| What you are asked to do |
Starting at the line that contains "Inside, the living" and ending at the line that contains "Verwandeln Sie Ihren", the lines below are to be given again exactly, with nothing added.

** Opening Available data block **

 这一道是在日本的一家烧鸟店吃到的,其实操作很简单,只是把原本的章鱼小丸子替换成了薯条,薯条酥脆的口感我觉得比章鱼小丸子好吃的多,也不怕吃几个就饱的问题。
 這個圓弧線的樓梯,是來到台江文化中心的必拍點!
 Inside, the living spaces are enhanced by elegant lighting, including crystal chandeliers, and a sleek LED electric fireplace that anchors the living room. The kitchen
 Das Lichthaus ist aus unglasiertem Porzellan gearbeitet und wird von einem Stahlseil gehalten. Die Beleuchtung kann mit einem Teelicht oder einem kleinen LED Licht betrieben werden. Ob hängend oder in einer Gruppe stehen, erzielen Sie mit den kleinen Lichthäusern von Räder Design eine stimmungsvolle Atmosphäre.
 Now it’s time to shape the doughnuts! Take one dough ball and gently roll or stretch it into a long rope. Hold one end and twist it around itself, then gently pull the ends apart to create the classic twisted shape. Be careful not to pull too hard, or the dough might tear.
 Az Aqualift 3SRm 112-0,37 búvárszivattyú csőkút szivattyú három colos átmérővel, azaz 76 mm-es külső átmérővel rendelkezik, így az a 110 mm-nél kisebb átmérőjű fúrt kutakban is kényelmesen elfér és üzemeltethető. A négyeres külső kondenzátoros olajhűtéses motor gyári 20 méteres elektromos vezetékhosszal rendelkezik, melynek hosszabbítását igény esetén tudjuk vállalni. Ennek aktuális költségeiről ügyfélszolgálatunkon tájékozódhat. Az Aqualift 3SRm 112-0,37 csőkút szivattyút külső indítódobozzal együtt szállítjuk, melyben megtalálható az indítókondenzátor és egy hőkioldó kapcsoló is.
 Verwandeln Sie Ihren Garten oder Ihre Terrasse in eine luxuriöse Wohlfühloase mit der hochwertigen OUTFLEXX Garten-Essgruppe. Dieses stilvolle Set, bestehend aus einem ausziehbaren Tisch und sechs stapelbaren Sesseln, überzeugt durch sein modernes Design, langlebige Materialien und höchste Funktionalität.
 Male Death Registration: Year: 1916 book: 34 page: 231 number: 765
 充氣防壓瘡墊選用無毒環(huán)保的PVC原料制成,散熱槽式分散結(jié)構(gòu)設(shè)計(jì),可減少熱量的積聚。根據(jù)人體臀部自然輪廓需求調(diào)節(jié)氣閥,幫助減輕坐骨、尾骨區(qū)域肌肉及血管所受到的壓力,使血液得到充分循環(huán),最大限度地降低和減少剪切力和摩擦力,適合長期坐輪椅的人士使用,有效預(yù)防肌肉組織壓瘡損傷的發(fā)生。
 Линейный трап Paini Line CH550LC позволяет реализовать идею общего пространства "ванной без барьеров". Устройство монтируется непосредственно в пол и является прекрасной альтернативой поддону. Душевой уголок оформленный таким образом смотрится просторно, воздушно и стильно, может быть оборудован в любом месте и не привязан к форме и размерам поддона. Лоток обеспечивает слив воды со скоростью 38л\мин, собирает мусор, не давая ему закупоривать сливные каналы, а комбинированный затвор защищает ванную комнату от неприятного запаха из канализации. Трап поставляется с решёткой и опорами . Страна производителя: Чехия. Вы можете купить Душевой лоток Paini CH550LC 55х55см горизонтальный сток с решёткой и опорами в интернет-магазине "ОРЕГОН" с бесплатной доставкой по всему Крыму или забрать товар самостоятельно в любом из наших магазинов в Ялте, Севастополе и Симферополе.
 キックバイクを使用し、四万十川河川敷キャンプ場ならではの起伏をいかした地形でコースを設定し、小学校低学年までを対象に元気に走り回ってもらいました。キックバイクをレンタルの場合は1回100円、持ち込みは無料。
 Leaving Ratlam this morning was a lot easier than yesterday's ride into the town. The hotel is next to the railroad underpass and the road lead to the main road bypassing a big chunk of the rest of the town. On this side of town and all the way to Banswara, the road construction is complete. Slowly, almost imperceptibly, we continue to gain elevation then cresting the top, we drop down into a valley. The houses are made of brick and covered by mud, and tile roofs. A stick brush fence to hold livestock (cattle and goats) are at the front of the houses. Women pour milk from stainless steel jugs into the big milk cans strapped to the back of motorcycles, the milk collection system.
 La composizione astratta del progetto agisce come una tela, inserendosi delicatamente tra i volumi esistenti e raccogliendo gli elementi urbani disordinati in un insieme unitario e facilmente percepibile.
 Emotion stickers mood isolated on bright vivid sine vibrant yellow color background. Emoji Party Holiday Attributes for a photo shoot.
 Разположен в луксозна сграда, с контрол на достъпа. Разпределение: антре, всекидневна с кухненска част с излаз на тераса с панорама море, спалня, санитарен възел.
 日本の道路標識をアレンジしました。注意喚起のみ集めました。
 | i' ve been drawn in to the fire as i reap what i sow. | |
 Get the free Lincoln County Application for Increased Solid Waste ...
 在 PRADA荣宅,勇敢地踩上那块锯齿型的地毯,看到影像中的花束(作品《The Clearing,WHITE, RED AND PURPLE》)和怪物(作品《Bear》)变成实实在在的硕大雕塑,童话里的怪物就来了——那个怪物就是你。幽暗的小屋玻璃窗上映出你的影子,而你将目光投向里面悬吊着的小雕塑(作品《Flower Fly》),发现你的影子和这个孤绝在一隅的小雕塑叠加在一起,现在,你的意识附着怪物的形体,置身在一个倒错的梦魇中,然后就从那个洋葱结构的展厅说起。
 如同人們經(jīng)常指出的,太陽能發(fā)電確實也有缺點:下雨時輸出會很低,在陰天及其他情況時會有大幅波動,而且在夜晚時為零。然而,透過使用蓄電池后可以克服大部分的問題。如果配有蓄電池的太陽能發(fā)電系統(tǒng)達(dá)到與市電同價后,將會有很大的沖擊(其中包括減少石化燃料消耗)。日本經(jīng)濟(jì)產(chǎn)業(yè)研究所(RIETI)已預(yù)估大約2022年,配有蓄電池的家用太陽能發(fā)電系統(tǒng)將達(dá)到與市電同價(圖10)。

** Closing Available data block **

| Response to the task |
 Inside, the living spaces are enhanced by elegant lighting, including crystal chandeliers, and a sleek LED electric fireplace that anchors the living room. The kitchen
 Das Lichthaus ist aus unglasiertem Porzellan gearbeitet und wird von einem Stahlseil gehalten. Die Beleuchtung kann mit einem Teelicht oder einem kleinen LED Licht betrieben werden. Ob hängend oder in einer Gruppe stehen, erzielen Sie mit den kleinen Lichthäusern von Räder Design eine stimmungsvolle Atmosphäre.
 Now it’s time to shape the doughnuts! Take one dough ball and gently roll or stretch it into a long rope. Hold one end and twist it around itself, then gently pull the ends apart to create the classic twisted shape. Be careful not to pull too hard, or the dough might tear.
 Az Aqualift 3SRm 112-0,37 búvárszivattyú csőkút szivattyú három colos átmérővel, azaz 76 mm-es külső átmérővel rendelkezik, így az a 110 mm-nél kisebb átmérőjű fúrt kutakban is kényelmesen elfér és üzemeltethető. A négyeres külső kondenzátoros olajhűtéses motor gyári 20 méteres elektromos vezetékhosszal rendelkezik, melynek hosszabbítását igény esetén tudjuk vállalni. Ennek aktuális költségeiről ügyfélszolgálatunkon tájékozódhat. Az Aqualift 3SRm 112-0,37 csőkút szivattyút külső indítódobozzal együtt szállítjuk, melyben megtalálható az indítókondenzátor és egy hőkioldó kapcsoló is.
 Verwandeln Sie Ihren Garten oder Ihre Terrasse in eine luxuriöse Wohlfühloase mit der hochwertigen OUTFLEXX Garten-Essgruppe. Dieses stilvolle Set, bestehend aus einem ausziehbaren Tisch und sechs stapelbaren Sesseln, überzeugt durch sein modernes Design, langlebige Materialien und höchste Funktionalität.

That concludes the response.